L'agghiotta è un piatto che puoi preparare tutto l'anno, poiché il pesce spada è disponibile in pescheria durante tutto il ciclo produttivo. È ideale nei mesi primaverili e autunnali, quando le giornate non sono troppo calde e un piatto caldo e umido si apprezza più volentieri. In estate, prepara una versione tiepida o fredda lo stesso giorno, servendo in terrina fredda in frigo per 30 minuti prima di portare in tavola.

Domande frequenti

  • Posso usare pesce spada surgelato? Sì, ma scongelalo lentamente in frigo durante la notte. Il surgelato tenderà a perdere più liquidi, quindi aggiungi un po' meno brodo all'inizio della cottura per non diluire troppo la salsa.

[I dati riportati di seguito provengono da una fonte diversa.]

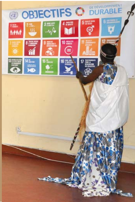
Poème en Kirundi sur l'histoire et les réalisations des Nations Unies au Burundi
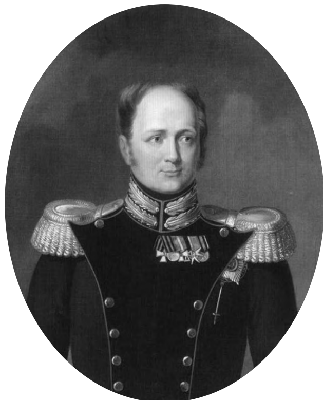
Александр I Павлович (1777–1825)
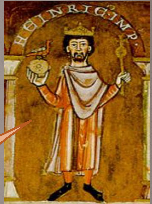
Германский император Генрих IV

Объявил, что лишает Григория VII его сана.
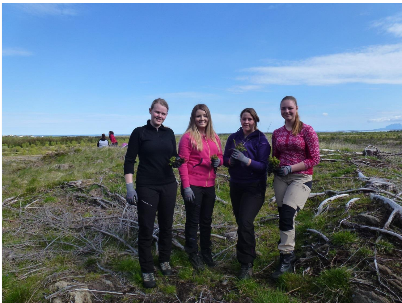
Bilder av elever fra Mosjøen vgs. i Kjellerhaugvatnet naturreservat for å plukke sikaplanter, juni 2015.

I juni 2015 lånte verneområdeforvalter elever fra Mosjøen vgs. og satte dem inn i denne problemstillingen, de blir med til Holandsosen og Kjellerhaugvatnet å «napper» opp små sitkatrær.
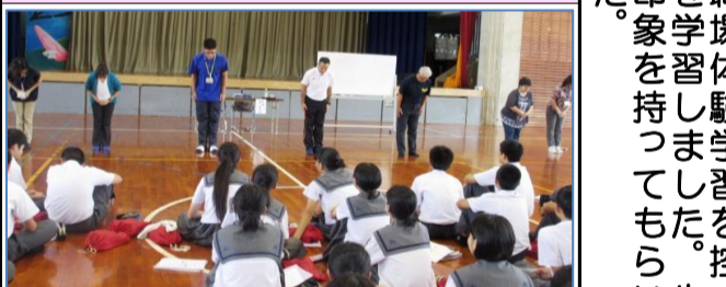
た徒え、二年生「社会人マナー」は一人一人の感想が先必要ありません。マナーは職場体験学習を控いた。印象を学習しました。
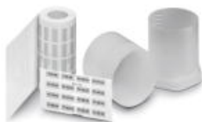
Rys. przedst. wersję produktu EML (15X9)R SR

Etykiety, Rolka, srebrny/mat, nieopisane, opisywany przy pomocy: THERMOMARK ROLL, THERMOMARK ROLL X1, THERMOMARK X1.2, THERMOMARK S1.1, Rodzaj montażu: Klejenie, Wielkość pola opisowego: 26,5 × 17,5 mm
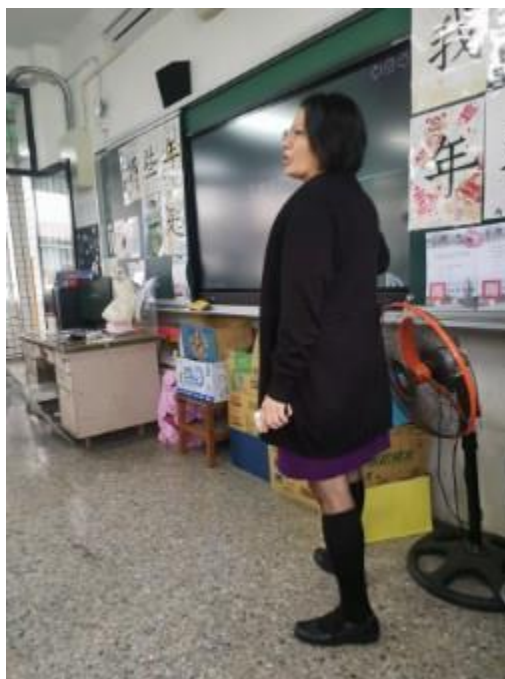
透過電子書相關資源進行教學活動
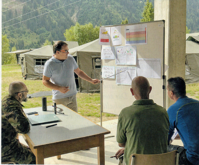
Stabsarbeit heisst auch: Präsentieren von Resultaten.

Der Kurs folgt einem etablierten Modell: Durch praktische Übungen lernen und militärische Entscheidungsprozesse anwenden. Am ersten Tag wird mit Hilfe eines Krisenszenarios, das durch die Schliessung einer wichtigen Verkehrsachse unseres Landes verursacht wird, das Wissen über die ersten drei Phasen der 5+2 Methode (Problemerkennung, Beurteilung der Lage, Entschlussfassung) ver-
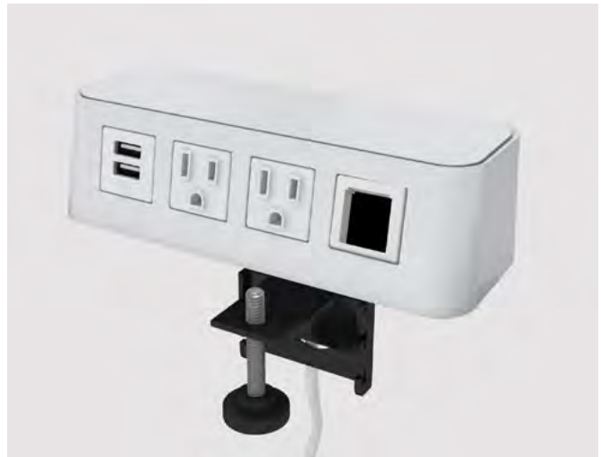
*Imagen: Burelé al borde de 4 puertos: 2 eléctricos, 1 USB de carga y 1 puerto abierto en color blanco.
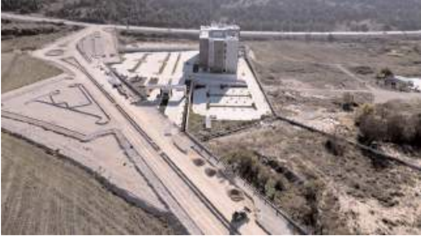
Diş Hastanesi Güney Kampüse yapıldı.
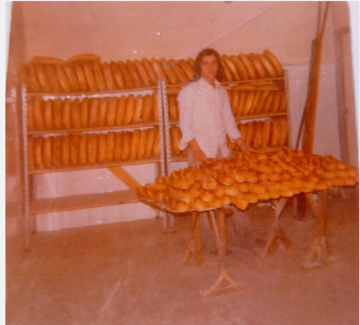
En esta foto, aparece mi abuelo con varias hornadas de pan. La mayoría de los panes que se ven, son hogazas de 1kg.
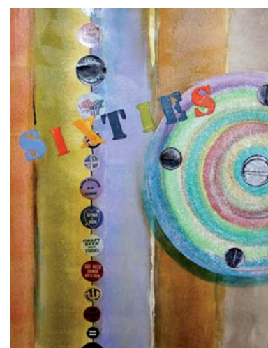
Eva Müller: „Sixties“ (Ausschnitt)
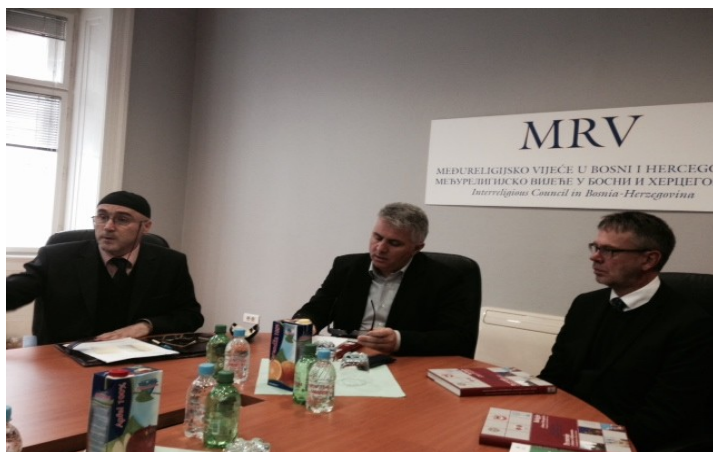
Posjeta međureligijskom vijeću BiH
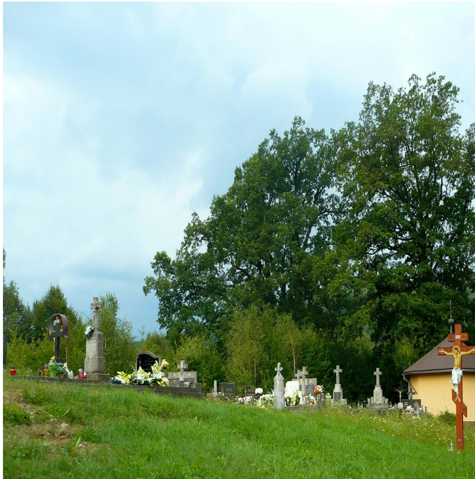
Obrázok 4 Vojnové pohrebisko z 1. svetovej vojny
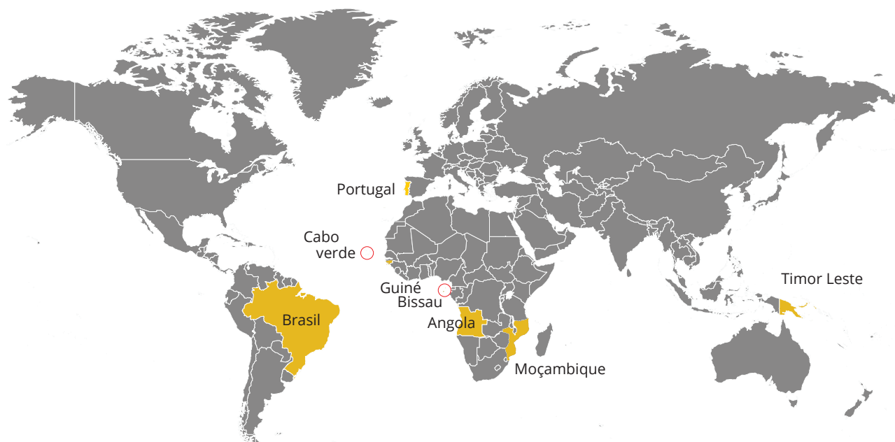
Figura 01. Países que falam português.
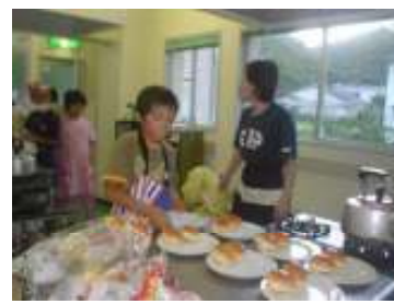
朝食は簡単にできるメニューが多かった。
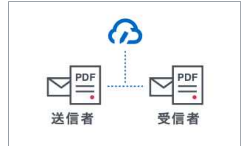
締結後書類を印刷・PDFで保管
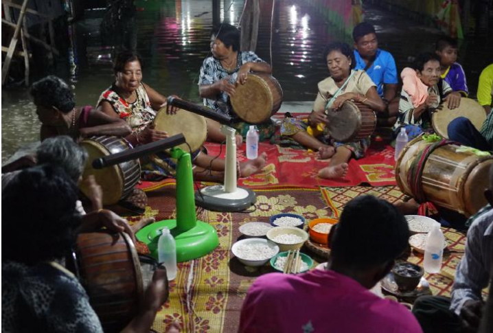
วงรำมะนาเป็นองค์ประกอบสำคัญของพิธีลอยเรือ

นอกจากนั้น หากบ้านไหนมีคนเจ็บป่วยไข้ ไม่สบาย แล้วมีการบนต่อสิ่งศักดิ์สิทธิ์ก็จะมาเชิญโต๊ะหมอไปประกอบพิธี และยังมีพิธีกรรมอื่นๆ ที่จะมีโต๊ะหมอเป็นผู้นำประกอบพิธีกรรม
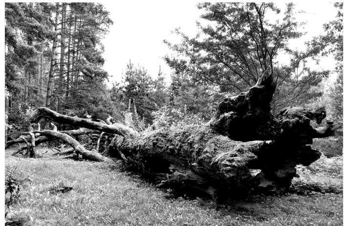
Stelpes pagastā atrodas īpašs dabas objekts – Ķuņķu svētozols, kas vētras laikā pirms vairākiem gadiem tika nogāzts, – un viduslaiku kapsēta.

Viņa ar apbrīnojamu entuziasmu muzejos un arhīvos meklēja mūsu novadnieku dzimtu saknes, pētīja radu rakstus ģimenēm, kas šeit dzīvojušas cauri gadu simtiem. Izrādās, daudzu senči ir cēlušies no votiem, kuri viduslaikos dzīvoja Pleskavas ezera apkaimē. Šo mazo, čaklo tautiņu savstarpējos karos iznīcināja kaimiņu lieltautas. Saģūstītie voti 1443. gadā tika iesaistīti smagā darbā Baus-

  • Come faccio a capire se il pesce spada è fresco? L'odore deve essere di mare pulito, la carne deve essere ferma e di colore rosa-grigio uniforme, senza macchie scure. Chiedilo fresco dal banco, non affidandoti al surgelato se puoi evitare.
  • Devo togliere la pelle al pesce spada prima di cuocerlo? Puoi toglierla o lasciarla, secondo la tua preferenza. Se è presente, è facile da togliere con un coltello affilato. In questo piatto, dato che si cuoce a umido, non crea problemi di sapore anche se rimane.
  • Quanta acqua devo aggiungere? Circa 200 ml è la giusta proporzione: il piatto deve risultare umido ma non brodoso. Se durante la cottura noti che il brodo cala troppo, aggiungi 50 ml di acqua tiepida per volta, non tutto insieme.